Task prompt: Each line holding the word "that" must appear in the answer, copied from the entries.

Provided records:
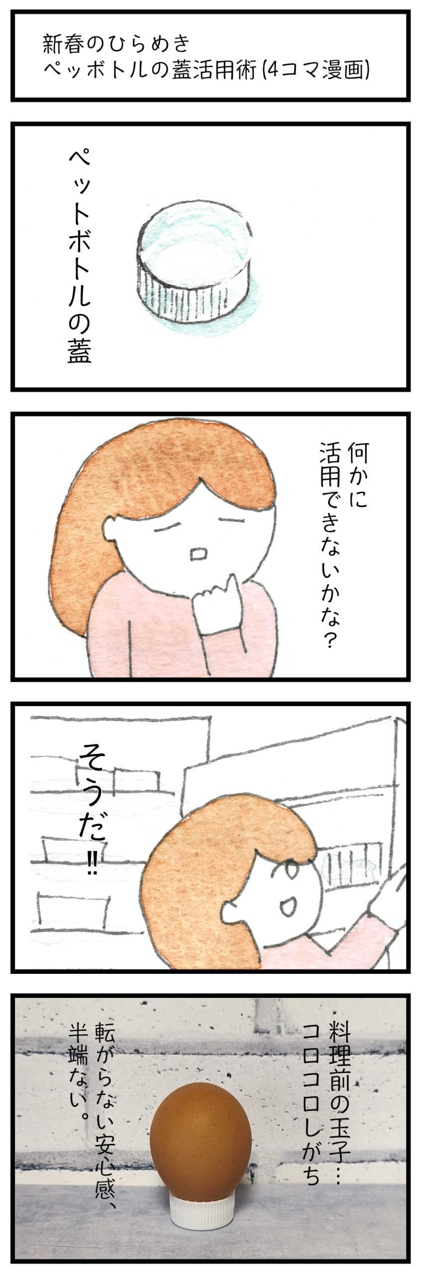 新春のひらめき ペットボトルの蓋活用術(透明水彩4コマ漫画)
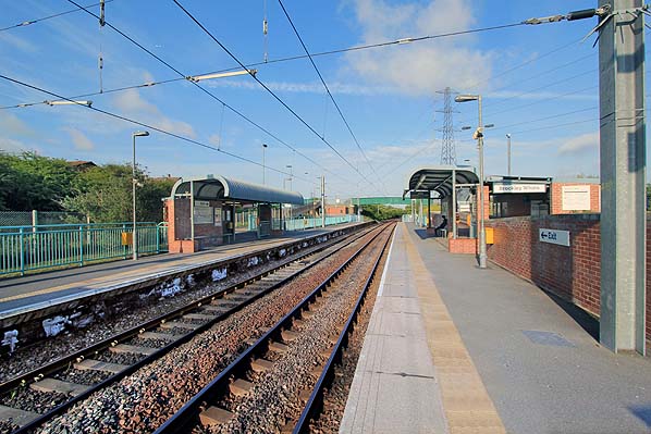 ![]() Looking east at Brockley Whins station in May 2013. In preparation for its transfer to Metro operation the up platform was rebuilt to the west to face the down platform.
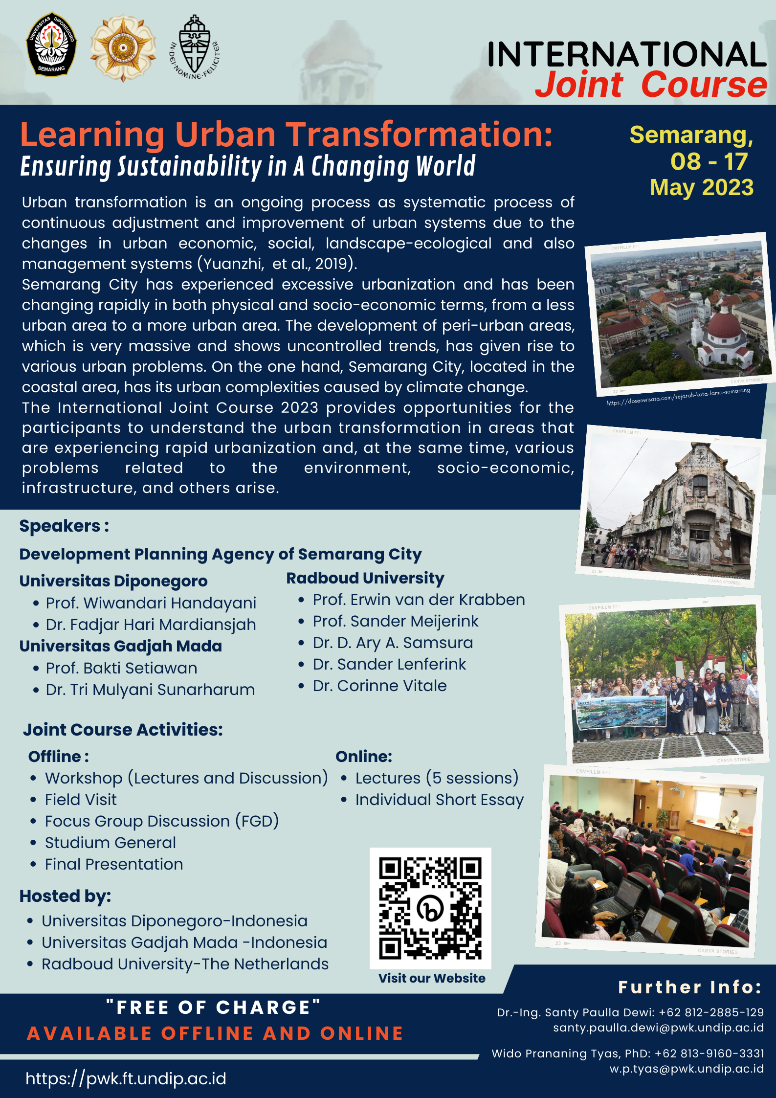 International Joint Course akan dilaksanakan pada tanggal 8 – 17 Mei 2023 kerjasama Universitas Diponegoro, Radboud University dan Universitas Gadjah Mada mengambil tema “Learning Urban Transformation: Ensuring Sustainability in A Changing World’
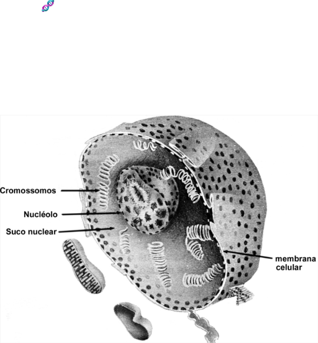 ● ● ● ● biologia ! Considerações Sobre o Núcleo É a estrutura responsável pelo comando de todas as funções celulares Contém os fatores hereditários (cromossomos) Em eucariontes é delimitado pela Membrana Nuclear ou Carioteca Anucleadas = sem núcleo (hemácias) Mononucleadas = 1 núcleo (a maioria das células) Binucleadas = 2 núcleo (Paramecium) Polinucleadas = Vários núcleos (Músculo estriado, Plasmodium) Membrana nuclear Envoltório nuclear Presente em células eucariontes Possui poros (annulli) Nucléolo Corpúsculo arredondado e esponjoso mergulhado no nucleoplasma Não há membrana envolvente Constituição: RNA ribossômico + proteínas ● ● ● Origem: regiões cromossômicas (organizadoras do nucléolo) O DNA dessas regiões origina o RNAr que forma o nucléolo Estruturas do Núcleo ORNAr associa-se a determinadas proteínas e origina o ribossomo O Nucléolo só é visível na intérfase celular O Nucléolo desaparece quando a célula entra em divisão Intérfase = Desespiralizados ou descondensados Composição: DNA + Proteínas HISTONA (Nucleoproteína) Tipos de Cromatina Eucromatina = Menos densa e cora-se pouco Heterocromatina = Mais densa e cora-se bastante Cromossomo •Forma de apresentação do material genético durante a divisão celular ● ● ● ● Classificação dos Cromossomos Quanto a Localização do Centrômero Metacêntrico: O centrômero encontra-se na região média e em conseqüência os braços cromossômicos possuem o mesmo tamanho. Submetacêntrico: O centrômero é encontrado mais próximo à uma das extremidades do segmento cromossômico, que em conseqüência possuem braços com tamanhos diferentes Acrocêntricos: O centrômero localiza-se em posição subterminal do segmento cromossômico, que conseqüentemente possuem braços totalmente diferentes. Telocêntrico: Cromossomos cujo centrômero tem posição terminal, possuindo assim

* * *

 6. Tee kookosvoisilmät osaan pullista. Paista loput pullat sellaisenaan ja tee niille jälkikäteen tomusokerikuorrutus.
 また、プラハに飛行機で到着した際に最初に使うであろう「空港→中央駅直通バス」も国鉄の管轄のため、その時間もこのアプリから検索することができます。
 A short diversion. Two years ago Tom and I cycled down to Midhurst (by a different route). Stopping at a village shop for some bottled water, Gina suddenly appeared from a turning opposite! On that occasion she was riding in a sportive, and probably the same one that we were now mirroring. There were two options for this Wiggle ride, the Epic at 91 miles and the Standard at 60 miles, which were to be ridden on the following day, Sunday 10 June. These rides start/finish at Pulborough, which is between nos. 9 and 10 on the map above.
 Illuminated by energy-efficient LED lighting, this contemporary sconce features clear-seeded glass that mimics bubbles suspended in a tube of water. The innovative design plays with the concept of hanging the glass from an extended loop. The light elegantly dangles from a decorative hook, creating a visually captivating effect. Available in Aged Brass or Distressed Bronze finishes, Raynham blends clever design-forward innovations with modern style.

Response to the task:
 A short diversion. Two years ago Tom and I cycled down to Midhurst (by a different route). Stopping at a village shop for some bottled water, Gina suddenly appeared from a turning opposite! On that occasion she was riding in a sportive, and probably the same one that we were now mirroring. There were two options for this Wiggle ride, the Epic at 91 miles and the Standard at 60 miles, which were to be ridden on the following day, Sunday 10 June. These rides start/finish at Pulborough, which is between nos. 9 and 10 on the map above.
 Illuminated by energy-efficient LED lighting, this contemporary sconce features clear-seeded glass that mimics bubbles suspended in a tube of water. The innovative design plays with the concept of hanging the glass from an extended loop. The light elegantly dangles from a decorative hook, creating a visually captivating effect. Available in Aged Brass or Distressed Bronze finishes, Raynham blends clever design-forward innovations with modern style.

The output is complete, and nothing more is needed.